EXERCISE DIRECTIONS >> Skip pictures in the listing below; copy exactly the lines from the one with "На фото бежевая" through the one with "1. Shuttle Art", inclusive.
** DATA FOR THIS EXERCISE follows **
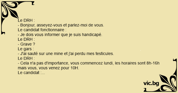 C'est l'histoire du personne qui veut se faire embaucher aux services des impôts.A la fin de son entretien il dit à son futur patron : "Vous savez monsieur je ne sais pas si c'est grave mais pendant la guerre j'ai perdu une testicule. -Oh mais ne vous inquiétez pas du coup venez demain à 11h -Oh...
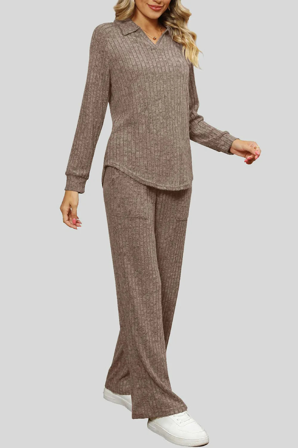 Home/All/Ribbed Long Sleeve Top and Pocketed Pants Set
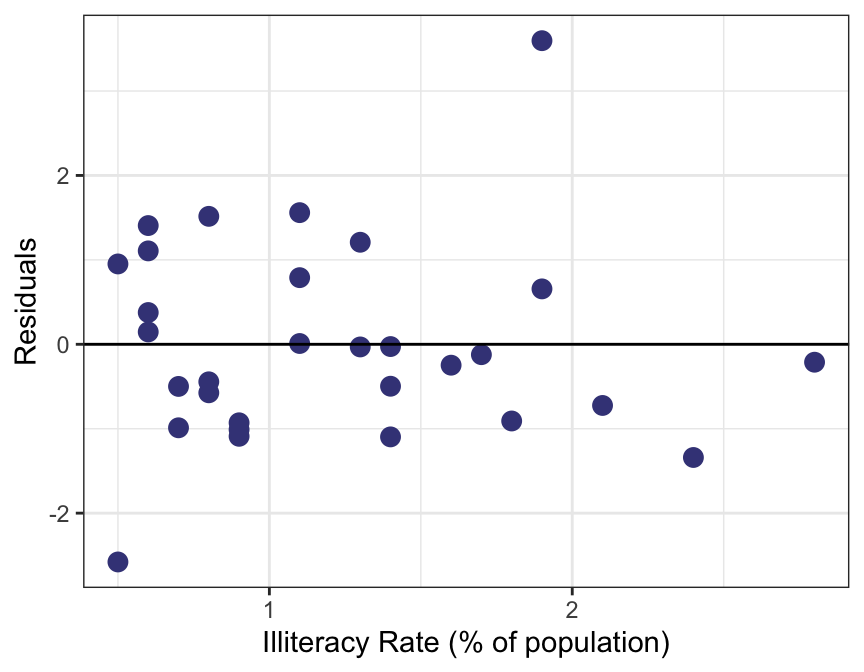 \[\hat{y} = 72.181 - 1.146x\] where \(\hat{y}\) is the predicted average life expectancy and \(x\) represents illiteracy rate.
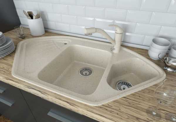 На фото бежевая кухонная мойка из искусственного камня, выполненная в форме трапеции.
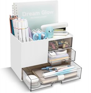 1. Shuttle Art Desk Organizer with 3 Drawers 3-Tier Storage Box with 5 Compartments for Stationery
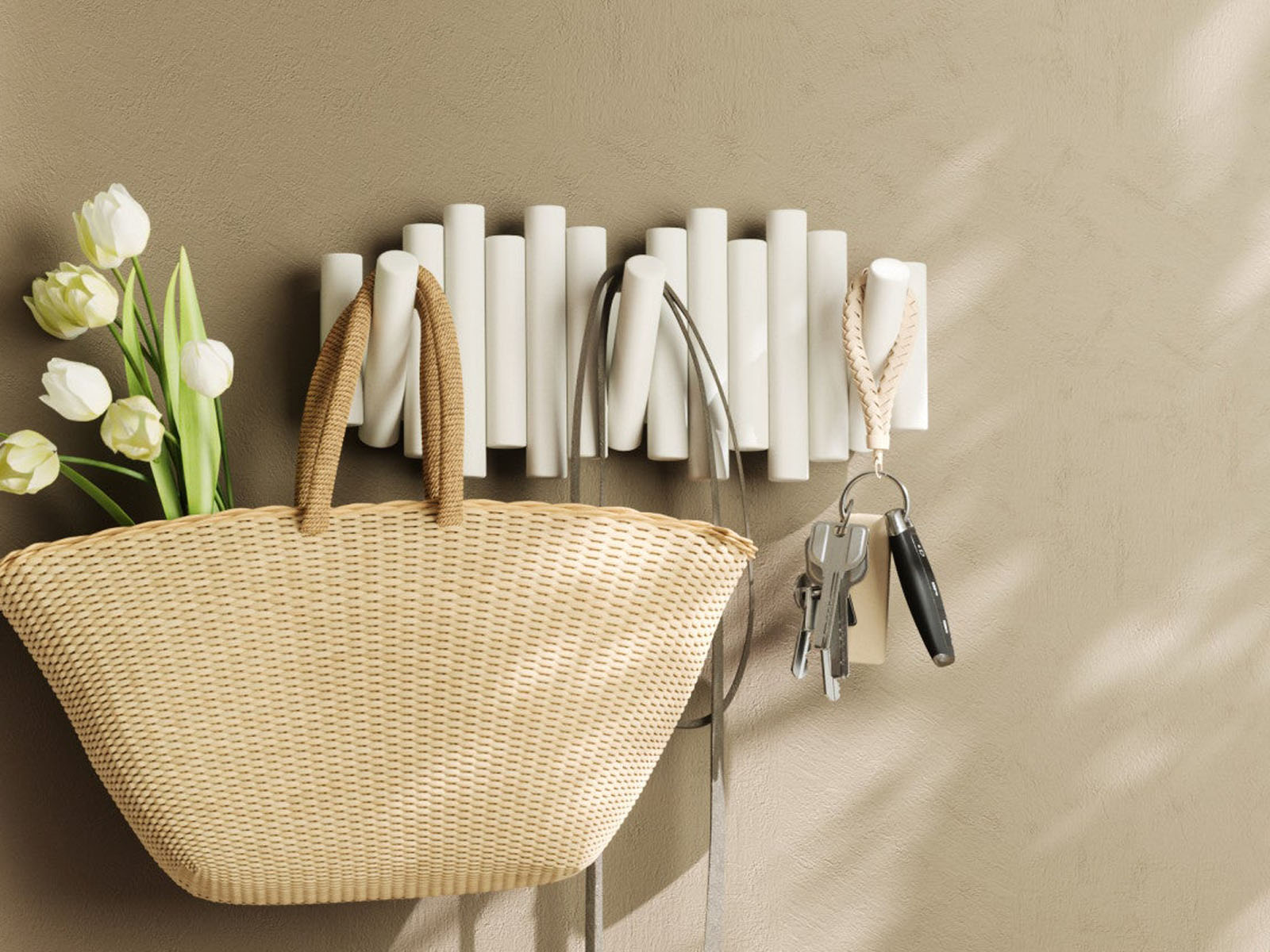 Stylistyka wieszaka nadaje mu nowoczesnego i oryginalnego wyglądu, dzięki temu może stanowić zarazem funkcjonalny i ozdobny element wystroju holu czy przedpokoju.
** End of DATA FOR THIS EXERCISE **
WRITTEN RESPONSE >>
 На фото бежевая кухонная мойка из искусственного камня, выполненная в форме трапеции.
 1. Shuttle Art Desk Organizer with 3 Drawers 3-Tier Storage Box with 5 Compartments for Stationery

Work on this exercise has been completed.